- 定义数据结构 Define Data Structures
STRUCT DocumentList
INTEGER doc_id
STRING filename
INTEGER count
DocumentList next
STRUCT InvertedIndexEntry
STRING word
DocumentList head
STRUCT InvertedIndex
HASH_TABLE<string, InvertedIndexEntry>
- 初始化倒排索引 Initialize Inverted Index
FUNCTION find_inverted_index_entry(INVERTED_INDEX index, STRING word)
IF word IN index THEN
entry = index[word]
PRINT "Results for " + word
current = entry.head
WHILE current IS NOT NULL DO
PRINT "Document ID: " + current.doc_id + ", Filename: " + current.filename + ", Count: " + current.count
current = current.next
END WHILE
ELSE
PRINT "No results found for " + word
END IF
END FUNCTION
- 添加倒排索引条目 Add Inverted Index Entry
FUNCTION add_inverted_index_entry(INVERTED_INDEX index, STRING word, INTEGER doc_id, STRING filename)
IF word NOT IN index THEN
CREATE new_entry
new_entry.word = word
new_entry.head = NULL
index[word] = new_entry
END IF
entry = index[word]
current = entry.head
WHILE current IS NOT NULL DO
IF current.doc_id == doc_id THEN
current.count += 1
RETURN
END IF
current = current.next
END WHILE
CREATE new_doc
new_doc.doc_id = doc_id
new_doc.filename = filename
new_doc.count = 1
new_doc.next = entry.head
entry.head = new_doc
END FUNCTION
- 构建倒排索引 Build Inverted Index
FUNCTION build_inverted_index(INVERTED_INDEX index, ARRAY OF STRING filenames)

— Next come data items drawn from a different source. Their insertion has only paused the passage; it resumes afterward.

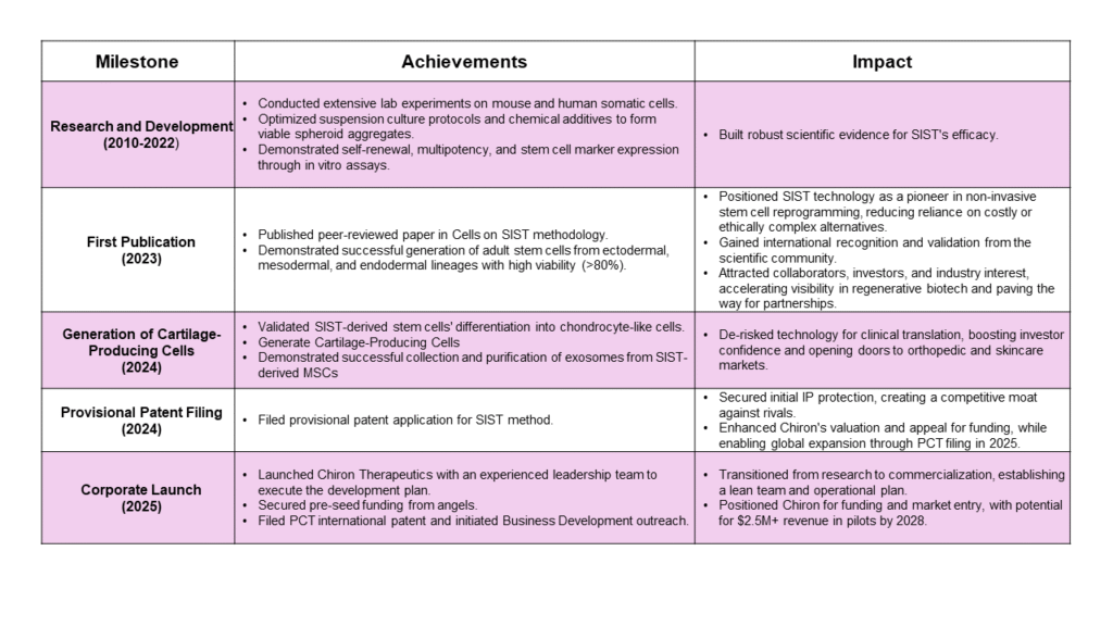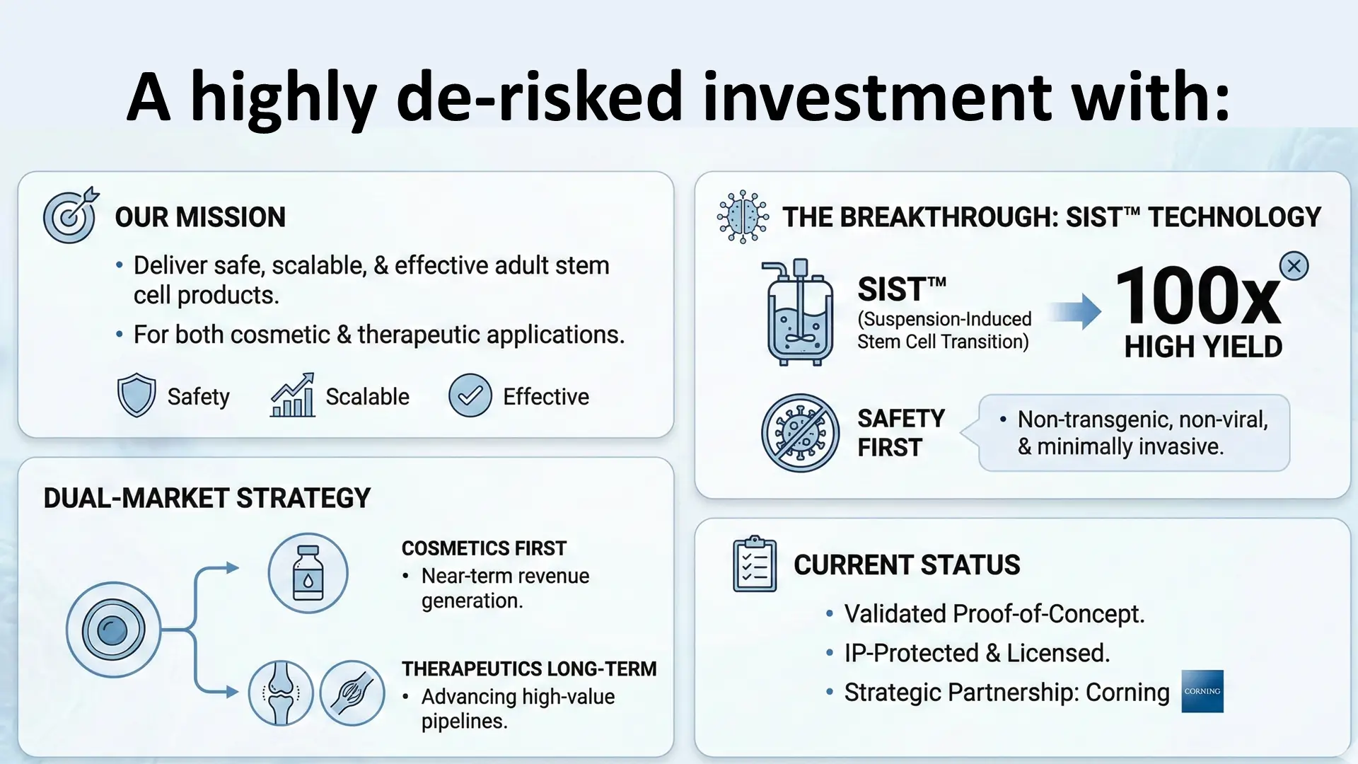 The investment is supported by a proven, non‑transgenic SIST method for high‑yield, scalable adult stem cell production, protected by a secured PCT international patent filing, with ongoing enhancements to optimize exosome purity and yield.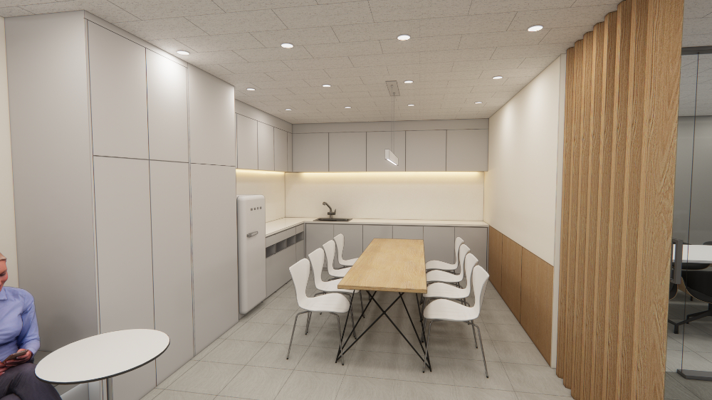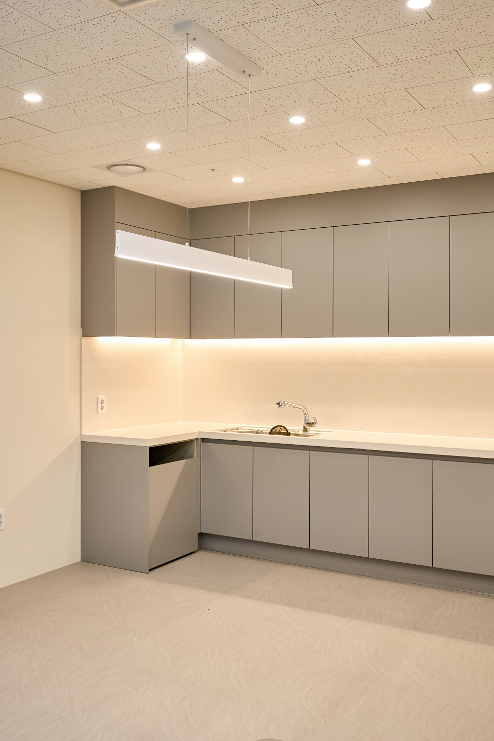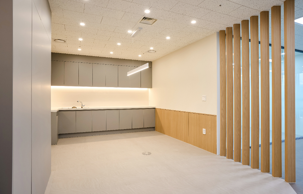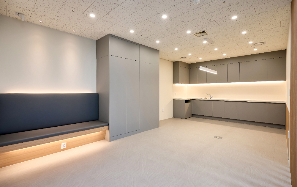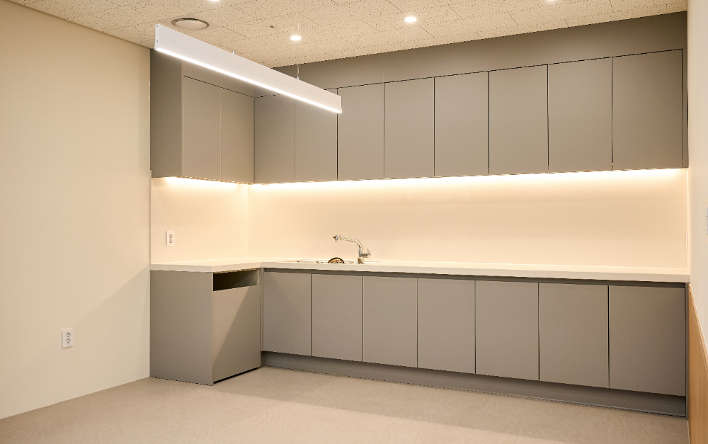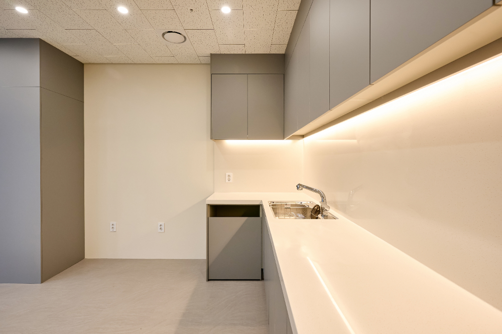 마치 가정집의 부엌인테리어를 보는듯한 이 곳은 영등포 에이스ns타워 지식산업센터인테리어의 카페테리아 공간인데요. 베이직한 톤의 무드를 잘 살려낸 곳이라 할 수 있습니다. 무광 그레이 컬러의 도어가 중심을 잡아주고 주광색의 따뜻한 조도 조명으로 밸런스를 잡아줍니다. 또한 살짝 ㄱ자로 구조를 만들어 조리대를 편하게 쓰면서도 답답하지 않게 구성했습니다.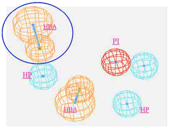 Statistically best-feature hypothesis (HBA: Hydrogen Bond Acceptor; HP: Hydrophopic; PI: Positive Ionizable). The best fit with HBA interactions is highlighted with circle. Reprinted with permission from Ref. [107]. Copyright 2004, Elsvier.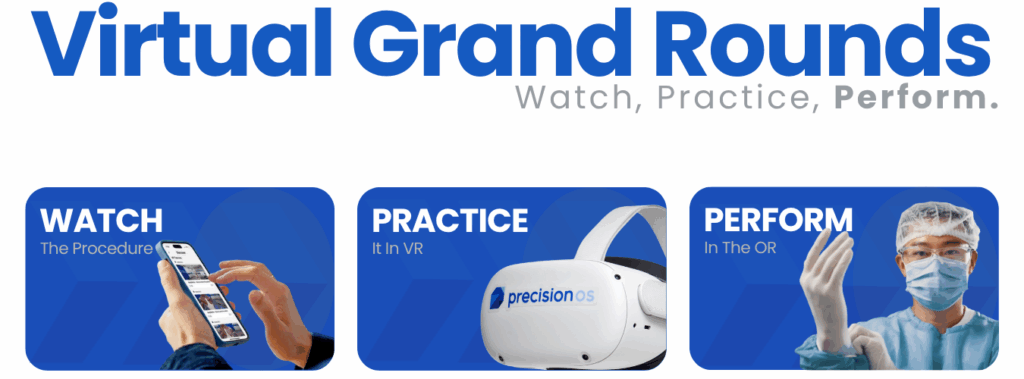 Experience a new standard in surgical education with Virtual Grand Rounds, only on the PrecisionOS mobile app. Virtual Rounds walks you through core surgical cases and then lets you practice them in immersive Virtual Reality.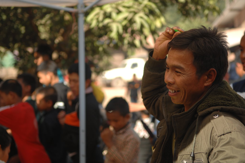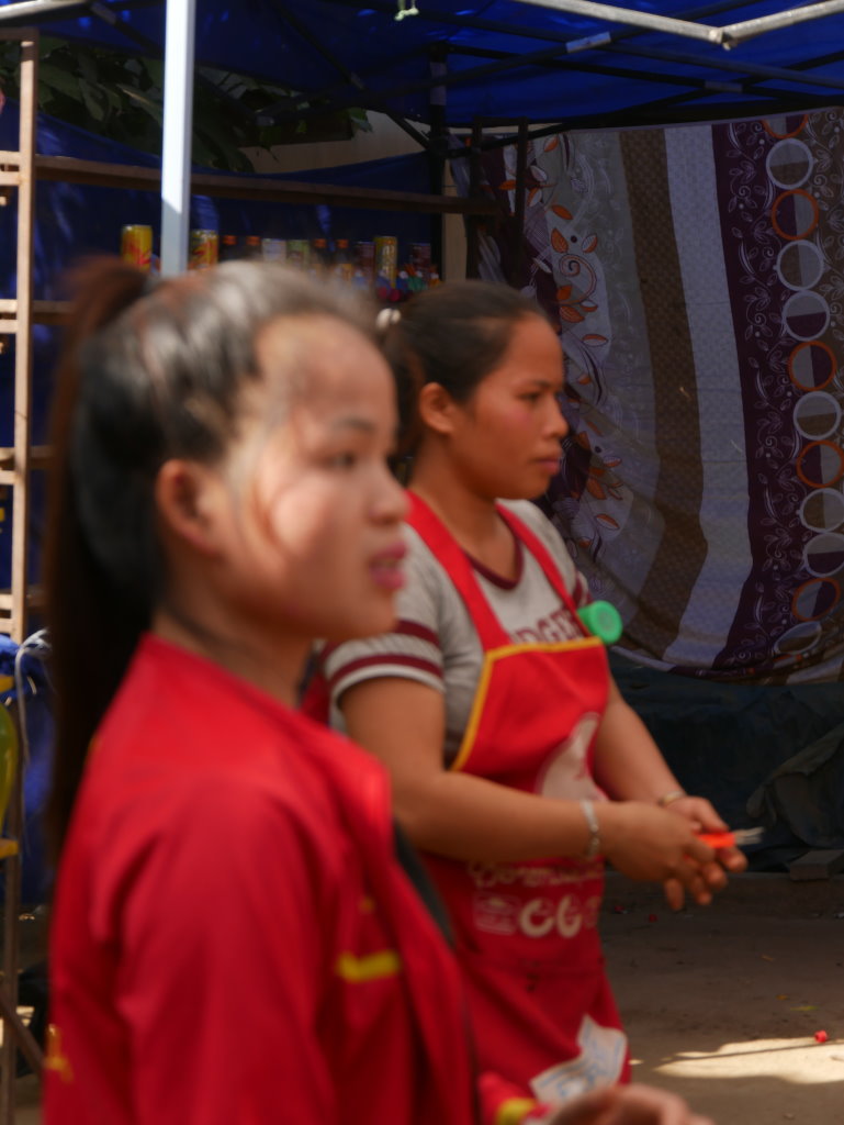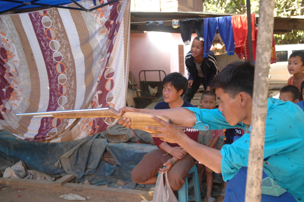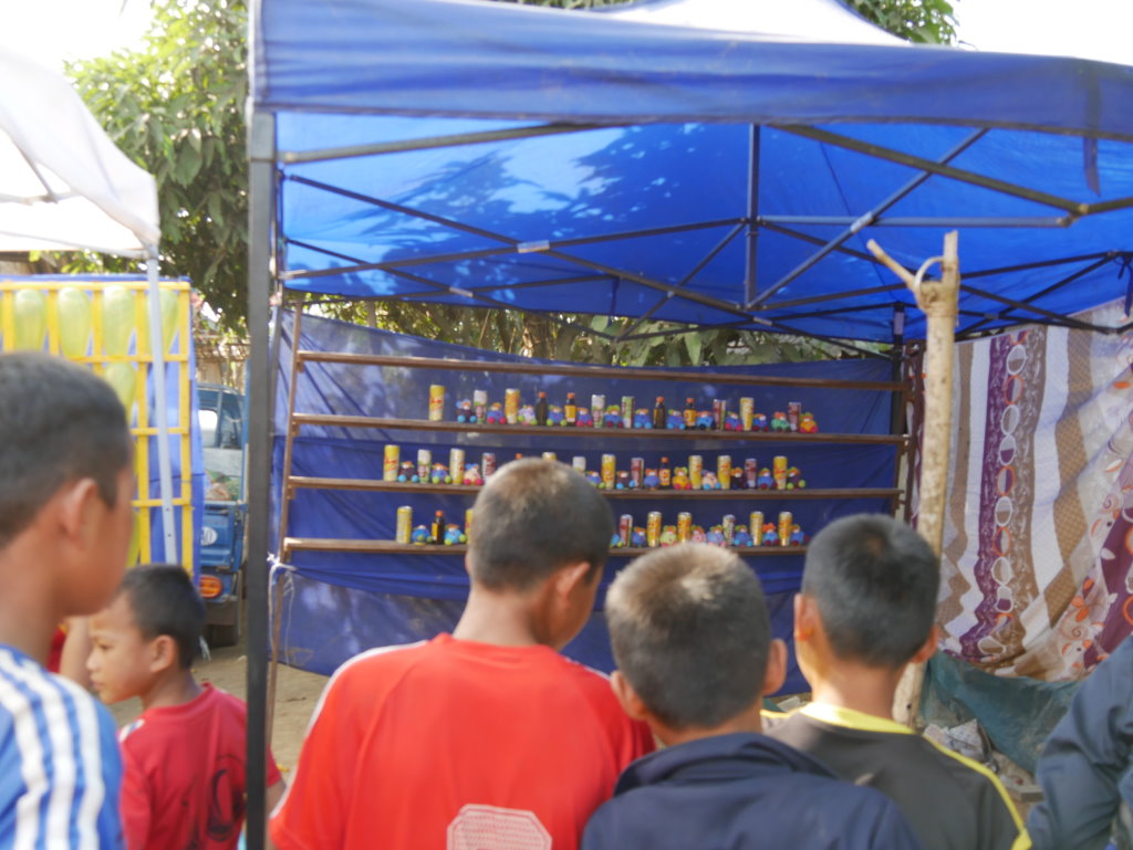 Im Dorf geht’s schon um diese Uhrzeit ziemlich rund. Zwei Schießbuden – wahlweise mit Darts oder Luftgewehr – werden besonders frequentiert. Allzu weit kommen wir nicht bei unserem kleinen Dorfrundgang, schon bald werden erneut zu Tisch geben. Dieses Spiel wiedeholt sich noch mehrmals und mit zunehmendem Alkoholpegel schwindet auch die Kamerascheu der Akha-Mädchen.

FOR EACH filename IN filenames DO
OPEN file
doc_id = GET_DOCUMENT_ID(filename)
WHILE NOT END_OF_FILE DO
STRING word
READ word FROM file
NORMALIZE(word)
add_inverted_index_entry(index, word, doc_id, filename)
END WHILE
CLOSE file
END FOR
END FUNCTION
- 查找倒排索引条目 Find Inverted Index Entry
FUNCTION find_inverted_index_entry(INVERTED_INDEX index, STRING word)
IF word IN index THEN
entry = index[word]
PRINT "Results for " + word
current = entry.head
WHILE current IS NOT NULL DO
PRINT "Document ID: " + current.doc_id + ", Filename: " + current.filename + ", Count: " + current.count
current = current.next
END WHILE
ELSE
PRINT "No results found for " + word
END IF
END FUNCTION
hash = 5381 for each character c in the string: hash = ((hash << 5) + hash) + ord(c) // hash * 33 + c return hash
Advantages
- Simplicity and Ease of Implementation:
The algorithm has a simple structure, making it easy to understand and implement, which is suitable for rapid development. - Good Performance:
In most cases, DJB2 can quickly compute hash values and is suitable for handling large amounts of data. - Low Collision Rate:
For general strings, DJB2 has a relatively low collision rate, especially performing well on random datasets. Disadvantages - Collision Issues:
Although the collision rate is low, it can still occur, particularly when dealing with specific patterns or similar strings. - Input Characteristics Affect Performance:
For certain specific types of input (such as repeated characters or specific patterns), hashing performance may degrade.
基本结构已介绍,对字符串进行hash算法如上,将计算得到idx对capacity求余,得到其坐标。如冲突,使用while(entry)循环遍历链表,对现有条目进行扩充。若没有,增加新条目。
涉及到扩容时需要申请一块更大的空间进行重哈希,代码如下
The basic structure has been introduced. For the hash algorithm on strings, the index is calculated by taking the hash value and performing a modulus operation with the capacity to obtain its coordinate. In case of a collision, a while(entry)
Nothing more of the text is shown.